PERK Kaninchen Polyklonaler Antikörper

Western-Blot-Analyse der PERK-Expression in A549- (A) und HepG2-Ganzzelllysaten (B). (Vorhergesagte Bandengröße: 125 kD; beobachtete Bandengröße: 125 kD)

Immunhistochemische Analyse der PERK-Färbung in einem mit Formalin fixierten, in Paraffin eingebetteten Gewebeschnitt des menschlichen Gehirns. Der Schnitt wurde mittels wärmevermittelter Antigengewinnung mit Natriumcitratpuffer (pH 6,0) vorbehandelt. Anschließend wurde der Schnitt mit dem Antikörper bei Raumtemperatur inkubiert und mithilfe eines HRP-konjugierten Kompaktpolymersystems nachgewiesen. Als Chromogen wurde DAB verwendet. Anschließend wurde der Schnitt mit Hämatoxylin gegengefärbt und mit DPX fixiert.

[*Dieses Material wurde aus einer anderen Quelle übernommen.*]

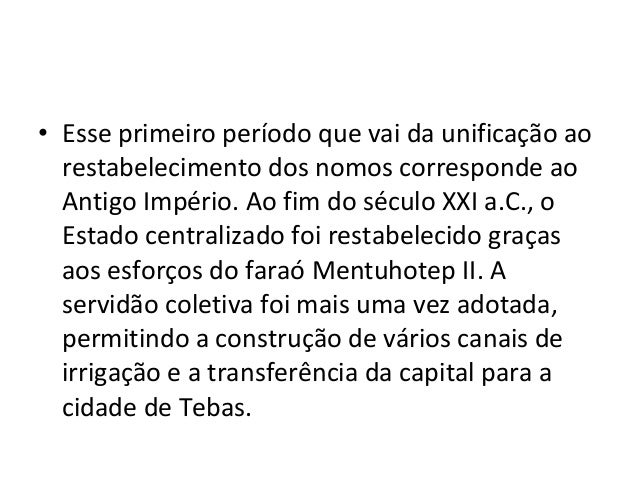 20. 20. • Esse primeiro período que vai da unificação ao restabelecimento dos nomos corresponde ao Antigo Império. Ao fim do século XXI a.C., o Estado centralizado foi restabelecido graças aos esforços do faraó Mentuhotep II. A servidão coletiva foi mais uma vez adotada, permitindo a construção de vários canais de irrigação e a transferência da capital para a cidade de Tebas.
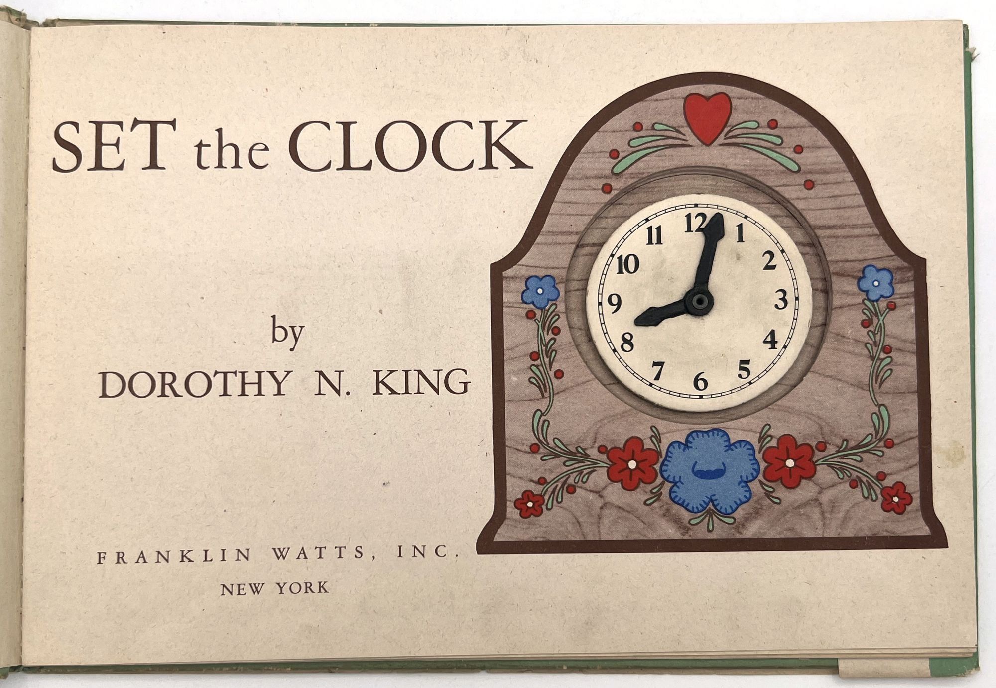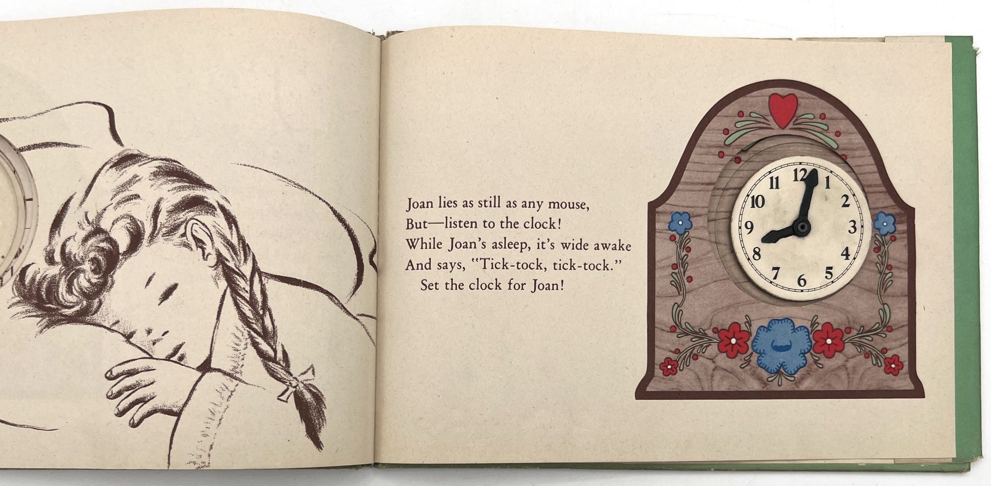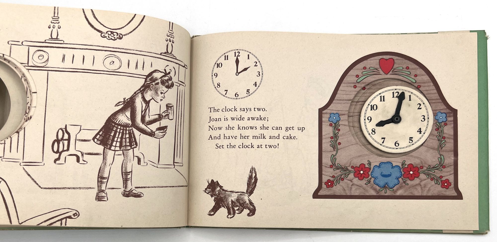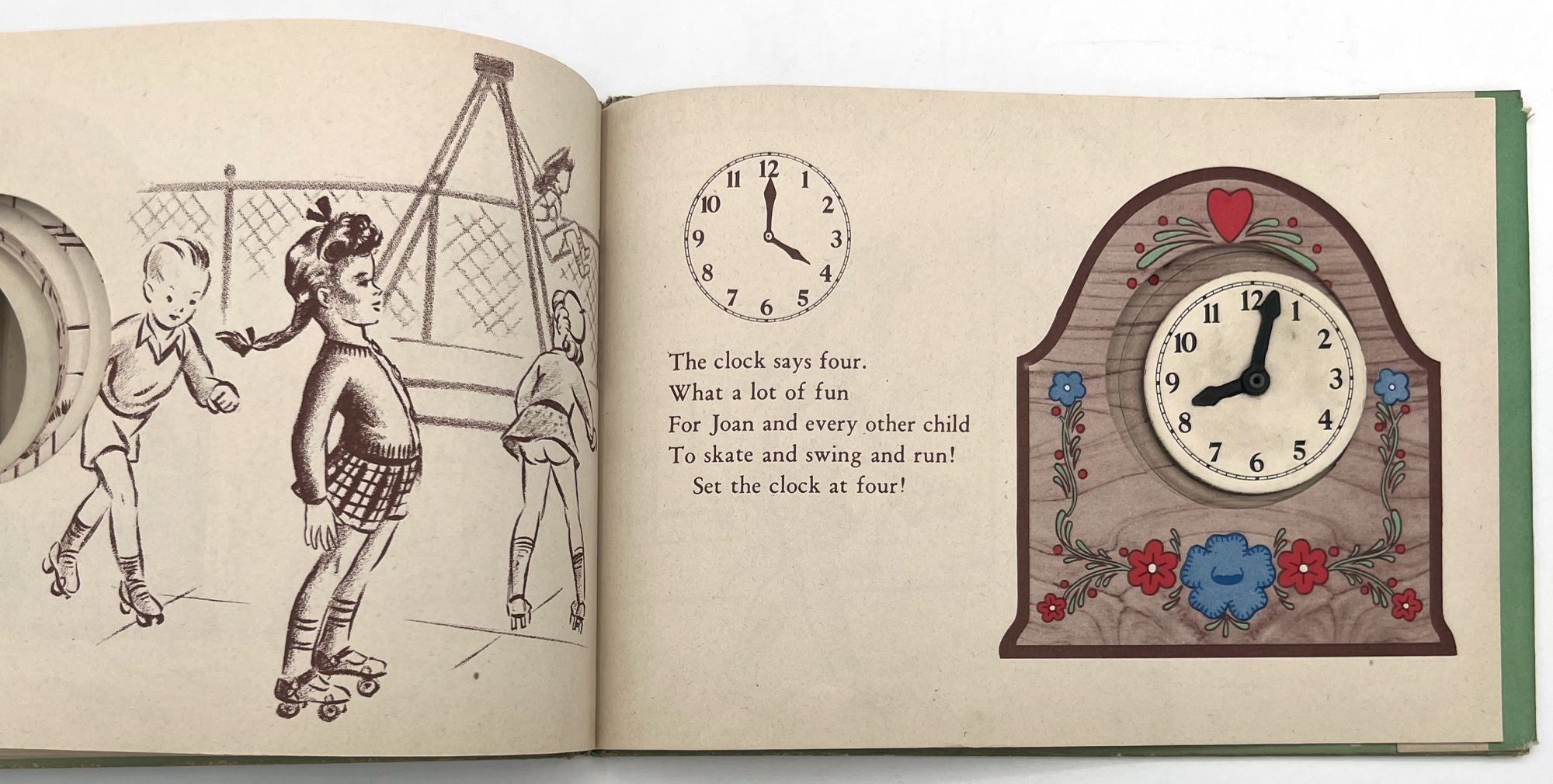 New York, New York: Franklin Watts, Inc, 1942. Good. Light dust soiling, some nicks and short tears to dust jacket.. A very dear picture book for children from the early 1940s, featuring a cardboard clock with moveable hands for learning how to tell the time. Each leaf describes a different time of day in the life of a young girl, Joan, and has a window cut-out to reveal the moveable clock for children to practice. Pencil ownership signature in pencil to dust jacket ("G.G. Palmer"). Pen signature to upper board ("Genevieve Galati Palmer"). Palmer (1924-2016) began teaching in 1946, and most likely used this book in her classroom. Single vol. (6.75" by 9.5"), pp. [32], illus., in original illus. boards with dust jacket.

Immunfluoreszenzanalyse der PERK-Färbung in HeLa-Zellen. Formalinfixierte Zellen wurden mit 0,1 % Triton X-100 in TBS für 5-10 Minuten permeabilisiert und mit 3 % BSA-PBS für 30 Minuten bei Raumtemperatur blockiert. Die Zellen wurden mit dem Primärantikörper in 3 % BSA-PBS sondiert und über Nacht bei 4 °C in einer befeuchteten Kammer inkubiert. Die Zellen wurden mit PBST gewaschen und mit einem DyLight 594-konjugierten Sekundärantikörper (rot) in PBS bei Raumtemperatur im Dunkeln inkubiert. Zur Färbung der Zellkerne (blau) wurde DAPI verwendet.

Immunpräzipitation von PERK aus 0,5 mg Hela-Ganzzellextrakt-Lysat unter Verwendung von 5 µg Anti-PERK-Antikörper und 50 µl Protein-G-Magnetkügelchen (+). Der Kontrolle (-) wurde kein Antikörper zugesetzt. Der Antikörper wurde unter Rühren mit Protein-G-Kügelchen 10 Minuten lang inkubiert, in RIPA-Puffer verdünntes Hela-Ganzzellextrakt-Lysat wurde zu jeder Probe gegeben und weitere 10 Minuten unter Rühren inkubiert. Die Proteine ​​wurden durch Zugabe von 40 μl SDS-Ladepuffer eluiert und 10 Minuten lang bei 70 °C inkubiert. 10 µl jeder Probe wurden auf einem SDS-PAGE-Gel aufgetrennt, auf eine Nitrozellulosemembran übertragen, mit 5 % BSA blockiert und mit Anti-PERK Antibody sondiert.